Ruth Beitia, capitana del equipo español en los Mundiales de Moscú, puso un broche de bronce a la temporada de propina que regaló al atletismo español y compartió el tercer peldaño del podio con una de las mejores saltadoras de altura de la historia, la rusa Anna Chicherova, campeona olímpica y mundial. La atleta cántabra, que había manifestado en broma su esperanza de que hubiera varios bronces con la idea de atrapar alguno, ha visto confirmado su anhelo y regresa de Moscú con la medalla, su primera presea de rango universal al aire libre y la segunda en total, pues el año pasado fue campeona de Europa.

Sólo dos atletas, la estadounidense Brigetta Barrett y la rusa Svetlana Shkolina, pudieron con los dos metros y se jugaron el título en 2,03, en un pulso decantado a favor de la heroína local. La de Ruth Beitia es la segunda medalla española en los Mundiales de Moscú, después de la conseguida, igualmente de bronce, en 20 kilómetros marcha por el murciano Miguel Ángel López. En un concurso con trece finalistas, la batalla empezó con el listón en 1,89, altura que eliminó a la alemana Marie Jungfleisch. En 1,93 hubo otras dos víctimas, la lituana Airine Palsyte y Levern Spender, natural de Santa Lucía.

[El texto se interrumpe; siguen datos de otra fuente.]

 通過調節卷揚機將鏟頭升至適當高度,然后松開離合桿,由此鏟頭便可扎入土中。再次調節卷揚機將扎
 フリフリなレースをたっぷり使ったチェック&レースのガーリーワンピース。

Diez atacaron el listón en 1,97, que dejó fuera a la polaca Kamila Stepaniuk, a la italiana de 20 años Alessia Trost, a la china Xingjuan Zheng y a la rusa Irina Gordeeva. Beitia llevaba un concurso impecable hasta ese momento y eso le sirvió, como había predicho, para colgarse la medalla porque sólo dos atletas, la estadounidense Brigetta Barrett y la rusa Svetlana Shkolina, pudieron con los dos metros. Shkolina, llevada en volandas por el público, batió su récord personal con 2,03 y se llevó de premio la medalla de oro, ya que Barrett derribó en sus tres intentos.

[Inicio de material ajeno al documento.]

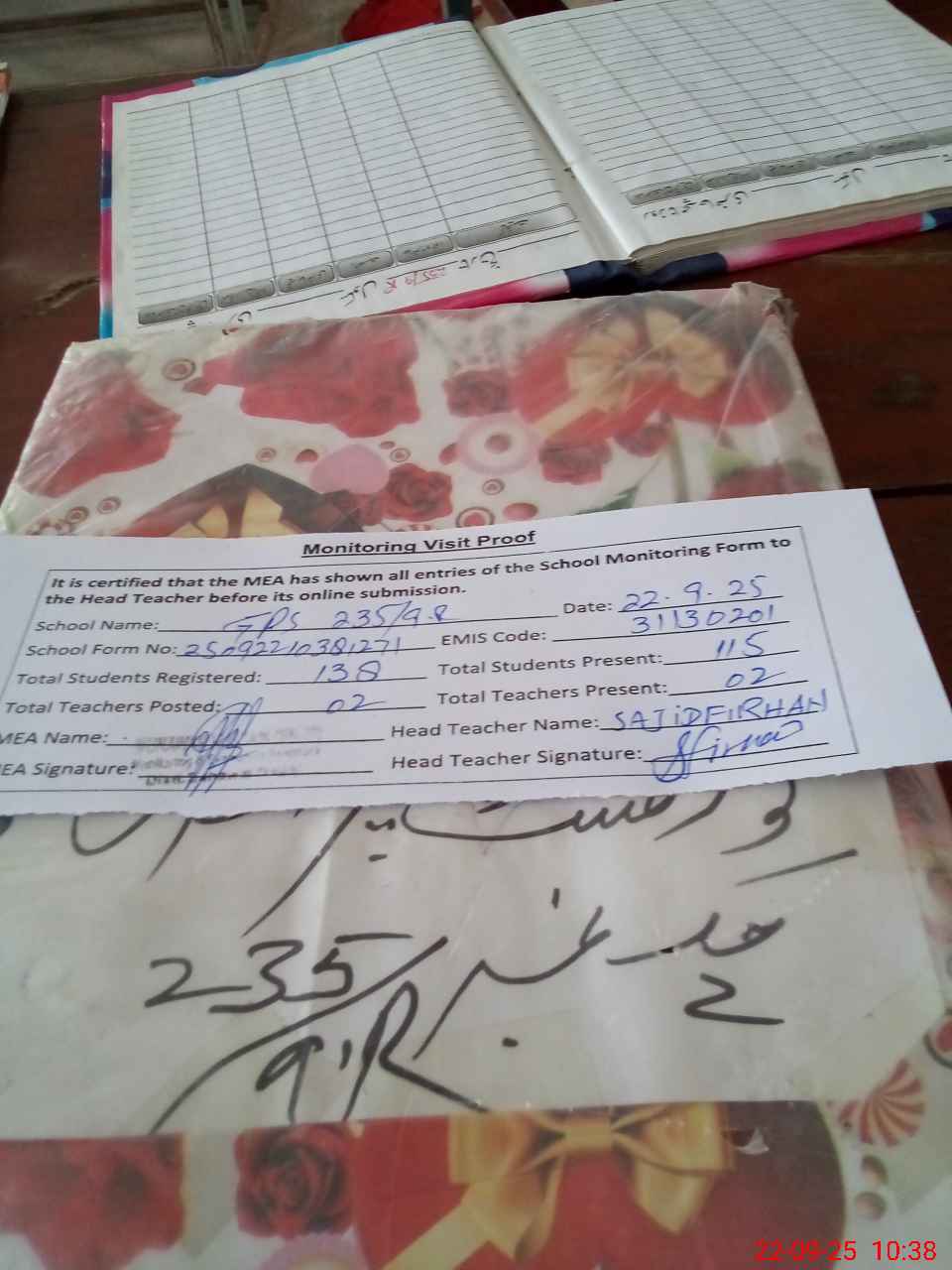 | EMIS Code: 31130201 | Name of School: GPS CHAK 235/9-R | |||

Beitia participaba por cuarta vez en la final de unos campeonatos del mundo, con 34 años, y es probable que haya sido la última, aunque ni ella misma sabe si estará en activo en 2015 para luchar por una quinta. Beitia anunció el pasado año su retirada de la competición después de conquistar su primera medalla al aire libre en el Europeo de Helsinki y terminar cuarta en la final olímpica, pero reconsideró su decisión y ahora prefiere no hablar del futuro. "Ni yo misma sé lo que haré dentro de tres días", dijo a EFE.

Beitia llegó a Moscú con una marca de 1,95 y superó sin contratiempos la calificación, en la que bastó con 1,92 para meterse en la final, en la que sobrepasó el listón en 1,97. Sospechaba que las medallas estarían por encima de dos metros, como ocurrió, y señalaba como favoritas "a las rusas (Anna Chicherova, Svetlana Shkolina) y a (la estadounidense Brigetta) Barrett". Esta última fue la que en los Juegos de Londres le quitó la medalla de bronce con un postrer salto que a la norteamericana le dio la plata.

"¿Mi último Mundial? Nunca se sabe. Ojalá pudiese aguantar como Chuso (García Bragado, que lleva once). Estoy bien, quiero disfrutar del momento, pero no sé qué voy a hacer dentro de tres días. En principio mi intención es seguir. Quiero recuperar bien el tendón, y luego Dios dirá". Beitia debutó en unos Mundiales en París 2003 con el undécimo puesto y una marca de 1,90. Dos años después, en Helsinki 2005, cayó en la calificación con 1,88; regresó a la final en Osaka 2007, donde fue sexta con 1,97, y obtuvo su mejor resultado hasta ahora en Berlín 2009, quinta con 1,99. En Daegu 2011 saltó 1,92 y no se clasificó pero, curiosamente, formó parte del relevo 4x100 español, en sustitución de la lesionada Belén Recio.